View from inside the balloon.
Our pilot Gavin and his crew getting our balloon ready for flight.

Just a few minutes before 6 AM, we were up! As we cruise along, the fog slowly unveiled the figures of the ancient pagodas like a curtain being drawn inside a theater that definitely gave it a dramatic suspense effect. The wind was colder from above but the fire being emitted by our balloon was comforting enough to warm us all. 

Another travel goal crossed off the list!

The pagodas of Bagan, Myanmar

We got to fly above some pagodas too and get up close. I was glad our pilot was not only keeping us safe but he also pointed out informative facts about the pagodas which I found really helpful. 

While most pagodas have four entrances (North, South, East and West), this is the only pagoda with five entrances which they believe to be the entrance for the next Buddha. 

After a few more minutes of cruising above, we started seeing a few glimpse of pink and orange streaks in the sky. The sun was finally rising!

Sunrise at Bagan, Myanmar

The flight took almost more than an hour in total. As we land, only then did I realised I was upgraded to the Premium Flight! What an even more exciting Christmas present! We were served champagne and croissants soon afterwards.

Champagne at 8 AM on Christmas Day! Why not?

Our Go Pro Shot from above!

It was definitely a good way to start the Christmas Day. I didn't mind the fact that I did it solo and was accompanied by strangers admiring the sunrise and beautiful pagodas from a hot air balloon.

Sunset at Bagan

After seeing the sunrise, I wouldn't of course miss to watch the sunset. There are various pagodas which offer a viewing platform to see the sunset. People started to swarm the Shwesandaw Pagoda , hoping to get a good spot for viewing. Good thing I was tiny and was able to squeeze myself in and steal a spot at the topmost level.

The crowded Shwesandaw Pagoda

View from above

Watching the Sunset at Bagan, Myanmar

Lantern Festival

As soon as the sun has set, everyone else made their way out of the pagoda and get on with their evening. During the balloon flight, our pilot told us that there will be a Lantern Festival worth seeing that night at the Ahlodawpyae Temple also well known as the Wishing Temple.
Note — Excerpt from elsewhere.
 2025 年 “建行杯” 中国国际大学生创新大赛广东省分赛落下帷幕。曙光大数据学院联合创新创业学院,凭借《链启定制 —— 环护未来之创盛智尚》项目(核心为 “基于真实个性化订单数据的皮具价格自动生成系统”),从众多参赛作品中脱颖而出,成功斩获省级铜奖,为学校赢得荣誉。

As I have entered the premises, I was welcomed by a beautiful chaos of loud music and chanting, of local vendors shouting trying to sell their items. I didn't know where to go so I looked around and avoided the stream of people making their way to the main entrance of the pagoda. I took a detour and found myself at the side of the temple where a small crowd has gathered arranging candles at the floor. 
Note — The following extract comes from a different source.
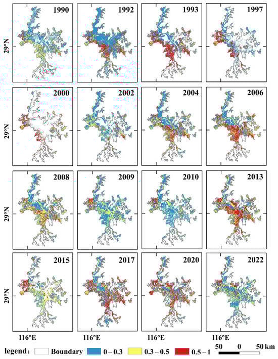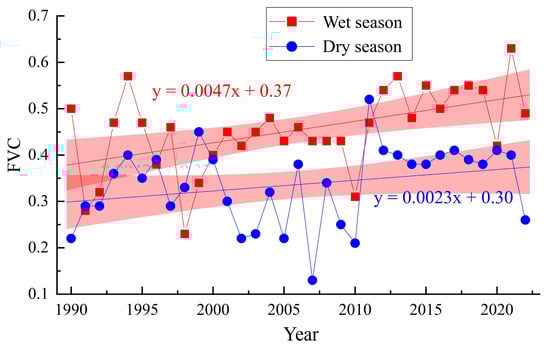 The calculation results of the FVC of Poyang Lake wetland from 1990 to 2022 are shown in Figure 5, Figure 6 and Figure 7. To more clearly illustrate the spatial distribution, results with distinct spatial features are selected in Figure 5 and Figure 6. High FVC areas (FVC > 0.5) are mainly distributed in the periphery of Poyang Lake during the wet season. As water levels decline in the dry season, vegetation growable areas expand, but high FVC zones remain peripheral, while low FVC areas (FVC < 0.3) dominate the central lake region. The FVC exhibited a fluctuating upward trend during the wet season (growth rate: 0.0047/a), with a mean value of 0.45, peaking at 0.63 in 2021 and reaching a minimum of 0.23 in 1998. A similar trend occurred in the dry season (growth rate: 0.0023/a), with a mean of 0.34, a maximum of 0.52 in 2011, and a minimum of 0.13 in 2007. Spatially, the vegetation growth of Poyang Lake gradually deteriorated from the edge of the lake to the lake area, and the average value was about 32.35% higher in the wet season than in the dry season.

As the organiser started handing out candles, my curiosity kicked in and I got myself candles. I didn't know what was happening to be honest and what it was for. All I remember hearing from our pilot that morning was that we must see it. I initially thought we were going to fly out paper lanterns. After a few minutes, they started lighting the candles so I lit up mine and joined the crowd.
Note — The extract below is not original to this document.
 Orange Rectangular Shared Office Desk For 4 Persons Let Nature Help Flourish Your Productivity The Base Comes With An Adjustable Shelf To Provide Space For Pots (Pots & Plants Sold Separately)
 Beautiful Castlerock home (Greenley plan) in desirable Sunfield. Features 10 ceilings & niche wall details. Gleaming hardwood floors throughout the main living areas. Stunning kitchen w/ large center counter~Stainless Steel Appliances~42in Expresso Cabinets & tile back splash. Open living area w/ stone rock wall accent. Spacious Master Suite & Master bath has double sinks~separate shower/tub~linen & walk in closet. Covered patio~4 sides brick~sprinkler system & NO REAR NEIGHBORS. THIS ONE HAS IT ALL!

A Burmese boy lighting the candles

There was a Burmese phrase formed using the candles that I later found out translates to "Fulfill the Wish". Now it made sense to me being that it is after all the Wishing Temple!

"Fulfill the Wish"
As I was lighting the candles one by one, I silently uttered my Christmas wish. It was perhaps the most genuine travel experience I have ever had. Being a non-Buddhist and participating in a very traditional Burmese festival was indeed a very unusual yet memorable way to end my Christmas Day. It was a humbling experience to be in that moment where you don't even need to understand what the locals around you were saying. You just have to feel how they are celebrating and you are already a part of them. 

I may not be able to see Christmas trees filled with fairy lights or hear Christmas carols during that day but I definitely felt the Christmas spirit, just in a different setting. It was still indeed a Merry Christmas after all!